Write path: accumulation and flush

textiowrapper_write appends to self->pending_bytes (a list of string objects waiting to be encoded) and tracks the total pending byte count. When that count exceeds one buffer size, or when write_through is set, _textiowrapper_writeflush is called immediately.

// CPython: Modules/_io/textio.c:1229 textiowrapper_write
PyList_Append(self->pending_bytes, text);
self->pending_bytes_count += textlen;

if (self->write_through ||
self->pending_bytes_count > self->chunk_size) {
if (_textiowrapper_writeflush(self) < 0)
goto error;
}

_textiowrapper_writeflush joins the pending list into one string, applies writetranslate newline substitution, encodes with the incremental encoder, and passes the resulting bytes object to self->buffer.write().
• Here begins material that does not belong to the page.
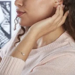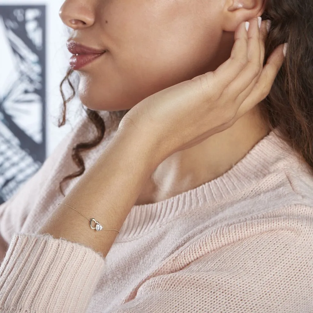 Bracelet Or Jaune 375/1000 Double Cœur Maille Forçat Oxyde De Zirconium 15.5+1.5+1.5cm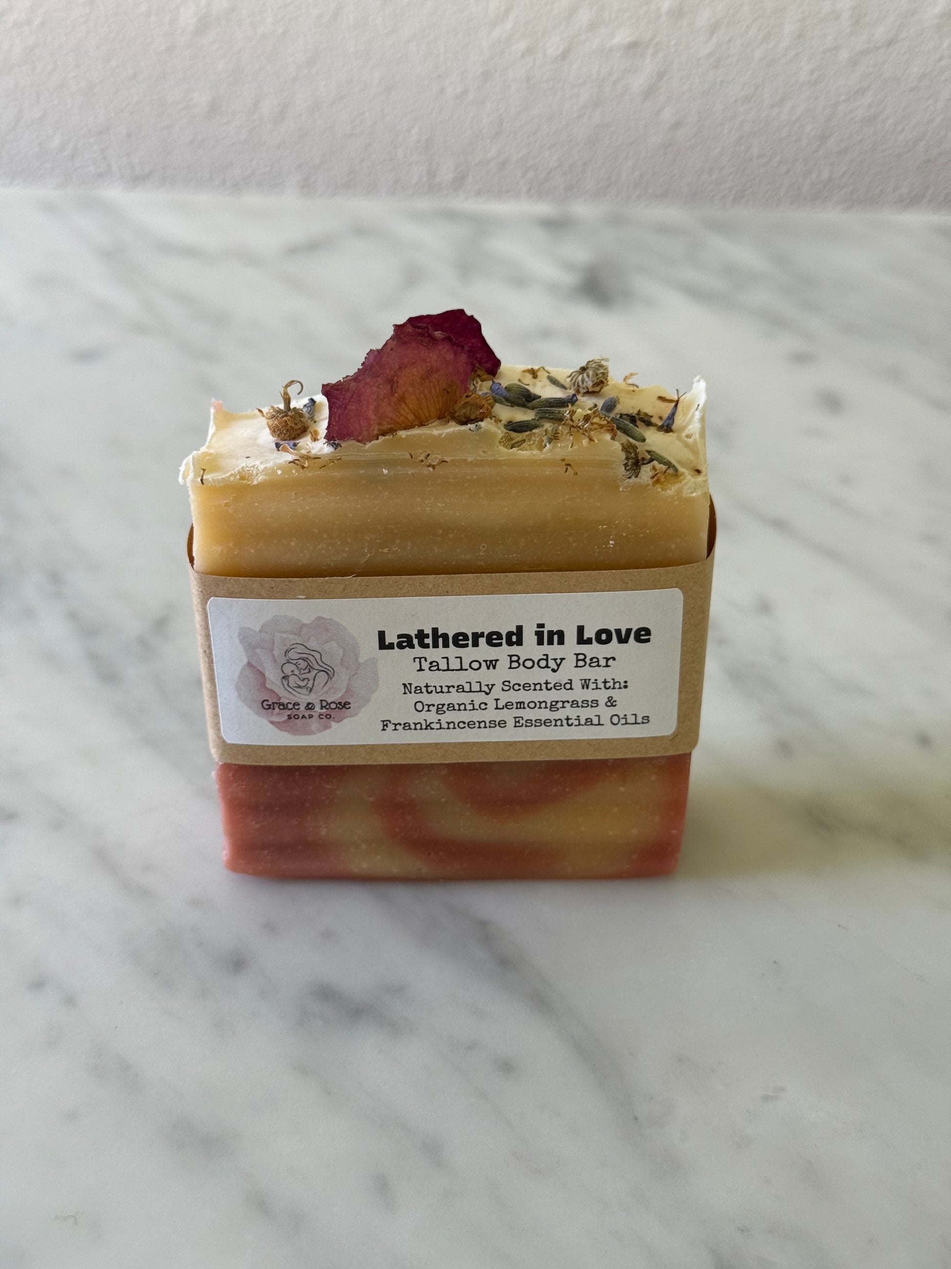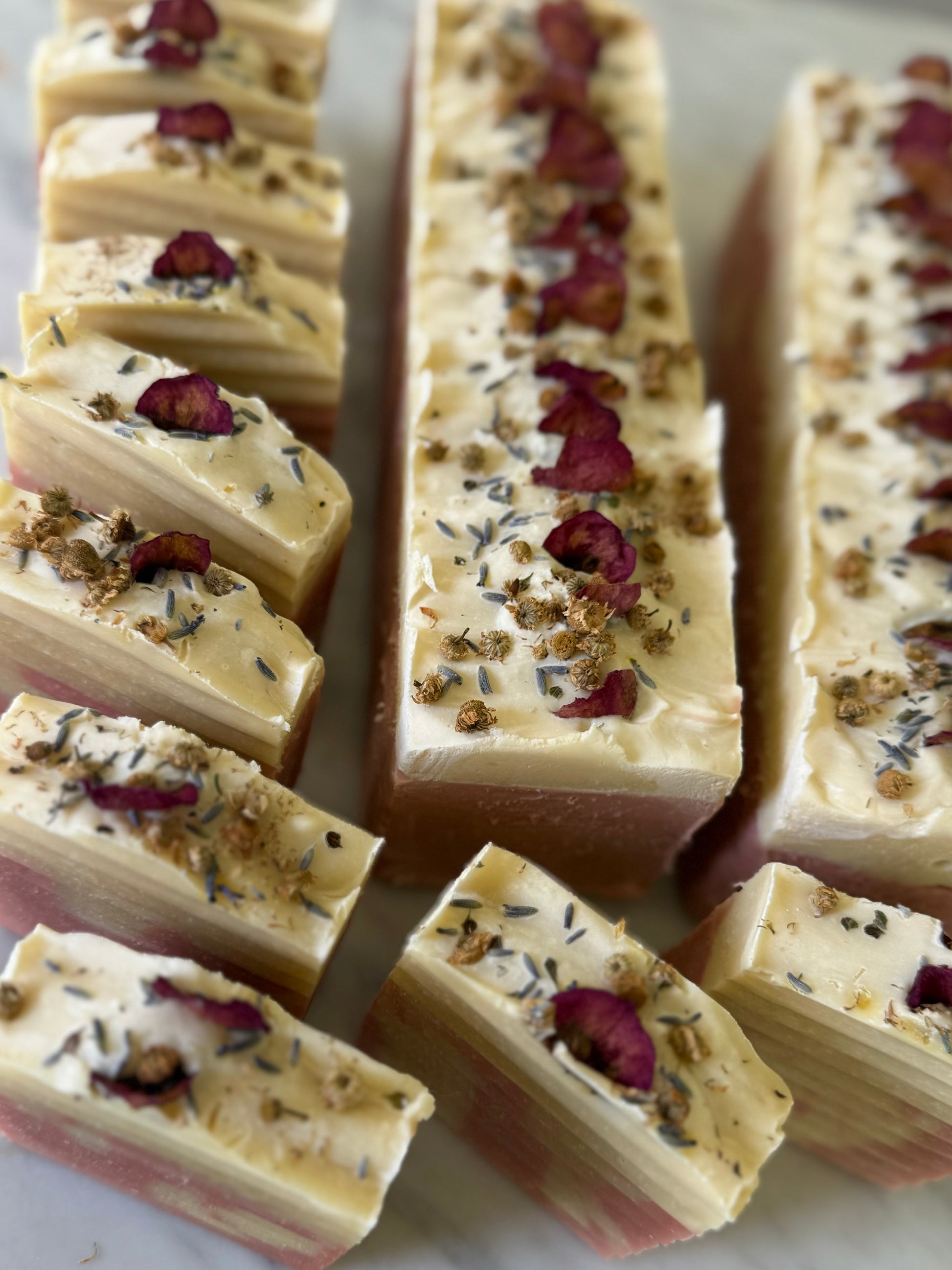 Ingredients: Olive Oil*, Grass-fed Tallow, Coconut Oil*, Lye, Filtered Well Water, Lemongrass Essential Oil*, Frankincense Essential Oil*, Pink Kaolin Clay, Homegrown Dried Flowers*

// CPython: Modules/_io/textio.c:1193 _textiowrapper_writeflush
joined = PyUnicode_Join(_PyIO_str_empty, self->pending_bytes);
...
if (self->writetranslate) {
joined = _PyObject_CallMethodIdOneArg(
joined, &PyId_replace, self->writenl_obj);
}
b = PyObject_CallMethodObjArgs(
self->encoder, _PyIO_str_encode, joined, NULL);
PyObject_CallMethodObjArgs(self->buffer, _PyIO_str_write, b, NULL);

tell and seek with codec state snapshot

tell must return a value from which seek can restore both the byte position and the codec's internal state (for example, a partial UTF-16 surrogate). CPython encodes this as an opaque 128-bit "cookie": the lower 64 bits are the raw byte offset returned by buffer.tell(), and the upper bits pack three fields: the number of characters to skip after decoding (to handle multi-character sequences that straddle a chunk boundary), a "bytes to feed" count, and a flag indicating whether the decoder needs a final decode(b"", final=True) call before the skip.

// CPython: Modules/_io/textio.c:1520 textiowrapper_tell
/* Snapshot the decoder state before re-decoding from start_pos */
cookie = textiowrapper_get_locale_pos(
self,
start_pos, /* raw offset where decoding began */
bytes_to_feed, /* bytes needed to reach current char */
chars_to_skip, /* decoded chars to discard after decode */
need_eof); /* whether final decode is needed */

seek reverses this: it extracts the fields from the cookie, seeks the underlying buffer to start_pos, resets the decoder to a clean state, feeds exactly bytes_to_feed bytes through the decoder, then discards chars_to_skip characters from the result.

gopy notes

Status: not yet ported.

Planned package path: module/io/.

The codec interface maps to Go's golang.org/x/text/transform (Transformer) for incremental encode and decode. The pending-bytes list is a []string accumulator; the flush step joins with strings.Join, applies newline translation with strings.ReplaceAll, encodes, and writes to the underlying buffered stream. The tell/seek cookie can be represented as a uint128 (two uint64 fields) or a big-endian-encoded *big.Int. Universal newline handling belongs in a thin scanner over the decoded string, following the same \r-peek logic as CPython. write_through mode sets a flag that bypasses accumulation entirely, forwarding each write immediately to the buffer layer.